Sun Jul 12 19:20:50 CEST 2020

Dear Bernard,

What James was suggesting is to compute the correlations that you want to meta-analyze and their covariances and then meta-analyze the correlations using a multivariate model. To compute the covariances, you can either use equations provided by Steiger (1980) (and others) or use bootstrapping. For the latter, you would use the raw data, so your attempts to use bootstrapping on the correlations is headed in the wrong direction.

Let me focus on the first approach. In particular, see this:

https://gist.github.com/wviechtb/700983ab0bde94bed7c645fce770f8e9

This function will compute the covariances using the 'equation approach'. So, for each study, first construct the full correlation matrix. Let's say a study used 3 different depression measures plus one way of measuring BMI. Then there is a 4x4 matrix of correlations, which includes 3 correlations between depression and BMI (which is what you are interested in) but also 3 pairwise correlations between the depression measures. Give proper row and column names to this matrix. For example:

rownames(Rmat) <- colnames(Rmat) <- c("BMI", "SR", "INT", "MF")

(SR = self-report, INT = interviews, MD = medical file)

Pass this correlation matrix to the rmat() function, plus the sample size. I would also recommend rtoz=TRUE. Then you will get back the 6 r-to-z transformed correlations ($dat) and the 6x6 var-cov matrix of those r-to-z transformed correlations ($V).

Do this for all 7 studies.

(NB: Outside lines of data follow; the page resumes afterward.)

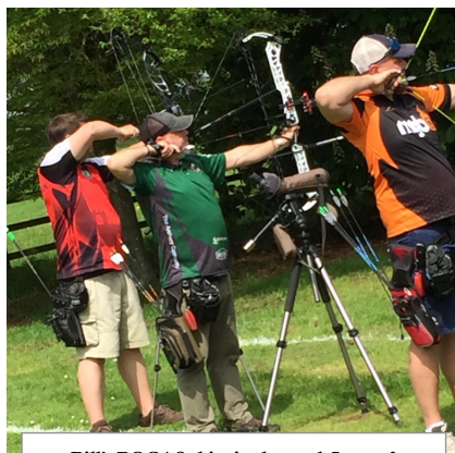
Bill's BOGAS shirt in the wash I guess?
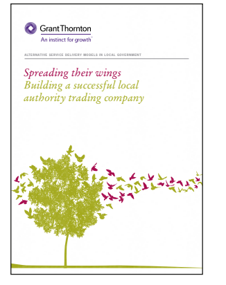
Spreading their wings Building a successful local authority trading company
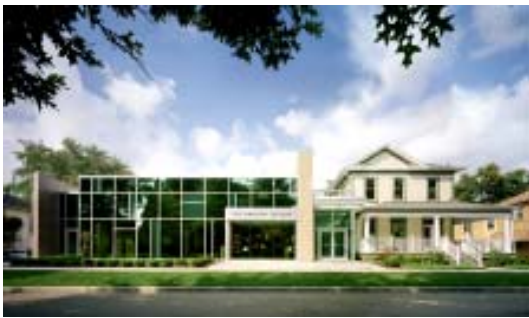
The Maridon Museum

SPRINGBOARD's mission is to help its clients 'springboard' their visions. To do this, SPRINGBOARD's designers collaborate with their clients to stimulate, inspire, create and produce new architecture, clear communications, and innovative designs.
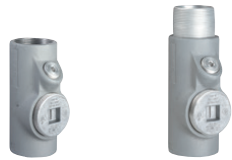
(For Horizontal Conduit)
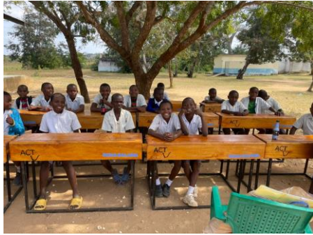
10 more desks supplied to Naumbu Primary school

Support for the HIV children club linked to Mikindani Dispensary Cost: TZS 728,000/-
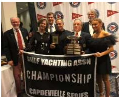
2022 GYA Capdevielle Series Champions – Buccaneer Yacht Club
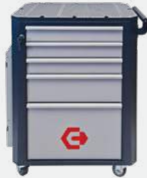
/// CZ Base Trolley
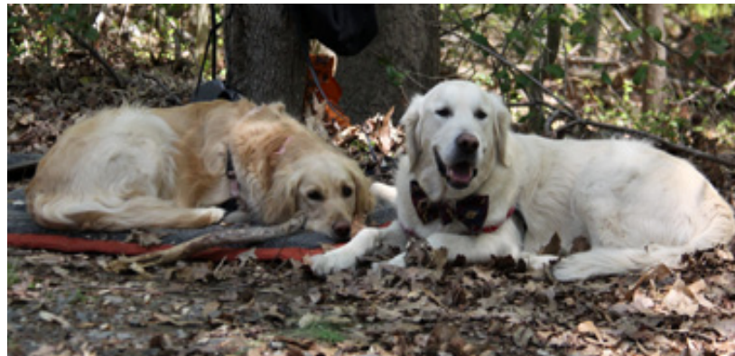
My Bow Tie is available at GRREAT Events!
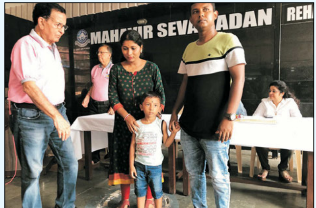
This CP child now able to speak frequently
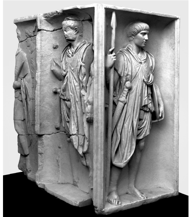
Fig. 6. Plaster Casts of the Joined Puteoli Panels in Philadelphia and in Berlin in the Museo dei Campi Flegrei, Baia

of the rightmost figure on the Penn panel is down, supporting a small oval shield ( palma ) at his left side (Fig. 5). This corner of the monument probably had a molded frame, but conservation of the panel carried out in 2009 shows that the present molding was reconstructed in the 19 th century (personal communication, Wolfgang Massmann, Antikensammlung conservation records, June 2013). In high relief in a frontal pose is a single soldier wearing a tunica , paenula , cingulum , and caligae , with a gladius hanging at his right side and a small oval shield, a palma , at his left. The viewers' right side of the panel is carefully finished, with a large ancient dowel cutting and pour channel from the top of the block and with 3 cm wide finely-picked contact bands at the front and back edges, all from the block's previous use. It is not clear, therefore, if another relief panel was attached at this edge. The back of this panel seems to have been sawed off in
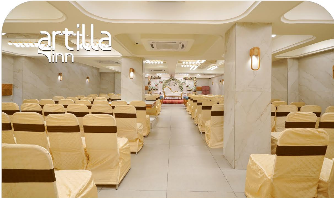
39 BUSINESS CLASS ROOMS & BANQUET CAPACITY UPTO 800 PERSONS
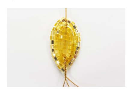
Cut the loop at the base of the petal in half so that you create the secondary axes (fig. no. 8).
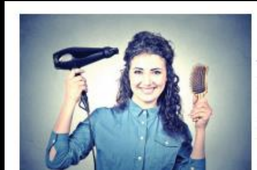
Curly blow dry

Curly blow dry: A section of the hair is lifted using fingers and air is passed through the hand from the diffuser just before clamping the fist. Mousse has an important role in this process as it helps to hold the style. It should be applied by turning the head upside down. In this style, the curls are not pulled, so straightening is avoided.
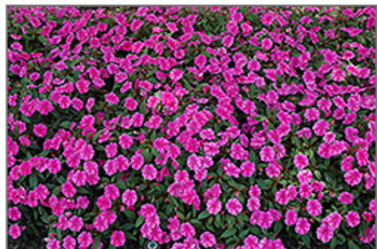
Bounce Pink Flame Impatiens in bloom

Make sure you use the same row and column naming scheme across studies. If a study only included, for example, SR and INT, then you have a 3x3 matrix.

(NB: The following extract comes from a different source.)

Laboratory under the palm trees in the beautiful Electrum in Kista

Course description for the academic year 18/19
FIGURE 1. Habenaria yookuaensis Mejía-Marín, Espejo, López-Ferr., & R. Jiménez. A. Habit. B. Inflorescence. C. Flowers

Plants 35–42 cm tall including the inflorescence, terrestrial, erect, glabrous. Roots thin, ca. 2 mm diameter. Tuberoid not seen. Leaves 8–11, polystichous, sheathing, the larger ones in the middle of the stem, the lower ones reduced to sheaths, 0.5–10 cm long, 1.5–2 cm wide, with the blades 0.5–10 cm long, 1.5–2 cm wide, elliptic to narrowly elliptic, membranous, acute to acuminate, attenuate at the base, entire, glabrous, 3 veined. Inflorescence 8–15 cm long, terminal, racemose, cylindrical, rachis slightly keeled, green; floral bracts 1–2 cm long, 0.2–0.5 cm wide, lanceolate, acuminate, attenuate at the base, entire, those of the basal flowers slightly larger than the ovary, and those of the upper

Combine $dat from all 7 studies into one big data frame ('dat'). Combine $V into one big block-diagonal matrix ('V') (bldiag() from metafor can be used for this).

Then fit a multivariate model with:

res <- rma.mv(yi, V, mods = ~ var1var2 - 1, random = ~ var1var2 | study, struct="UN", data=dat)
res

You will get pooled estimates of the r-to-z transformed correlations for all possible pairs. This will also include pairs that you are not interested in (e.g., for "SR" and "INT"). You are interested in the BMI.SR, BMI.INT, and BMI.MF correlations.

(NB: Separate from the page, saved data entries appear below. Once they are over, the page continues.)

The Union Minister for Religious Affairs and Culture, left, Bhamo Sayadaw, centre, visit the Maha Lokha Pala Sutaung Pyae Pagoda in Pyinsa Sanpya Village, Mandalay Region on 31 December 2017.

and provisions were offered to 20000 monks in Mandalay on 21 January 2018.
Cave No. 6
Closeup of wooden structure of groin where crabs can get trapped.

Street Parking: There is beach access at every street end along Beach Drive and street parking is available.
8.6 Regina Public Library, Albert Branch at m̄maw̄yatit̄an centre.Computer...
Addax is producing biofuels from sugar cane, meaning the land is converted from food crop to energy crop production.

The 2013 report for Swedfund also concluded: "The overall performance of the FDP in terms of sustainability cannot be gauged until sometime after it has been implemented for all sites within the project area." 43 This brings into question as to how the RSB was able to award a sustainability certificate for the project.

You can now back-transform the pooled estimates to correlations using:

predict(res, diag(6), transf=transf.ztor)

You can also test if there are differences between the BMI.SR, BMI.INT, and BMI.MF correlations using anova(). For example:

anova(res, L = rbind(c(1,-1,0,0,0,0), c(1,0,-1,0,0,0), c(0,1,-1,0,0,0))

but you need to make sure that the position of the 1 and -1's actually correspond to the position of the 3 coefficients you are interested in. A global (2 df) test of those differences will be part of this output:

anova(res, L = rbind(c(1,-1,0,0,0,0), c(1,0,-1,0,0,0))

If there is no evidence for differences, you could consider collapsing the three depression measure levels ("SR", "INT", "MF") into one. For example:

predict(res, c(1/3, 1/3, 1/3, 0, 0, 0), transf=transf.ztor)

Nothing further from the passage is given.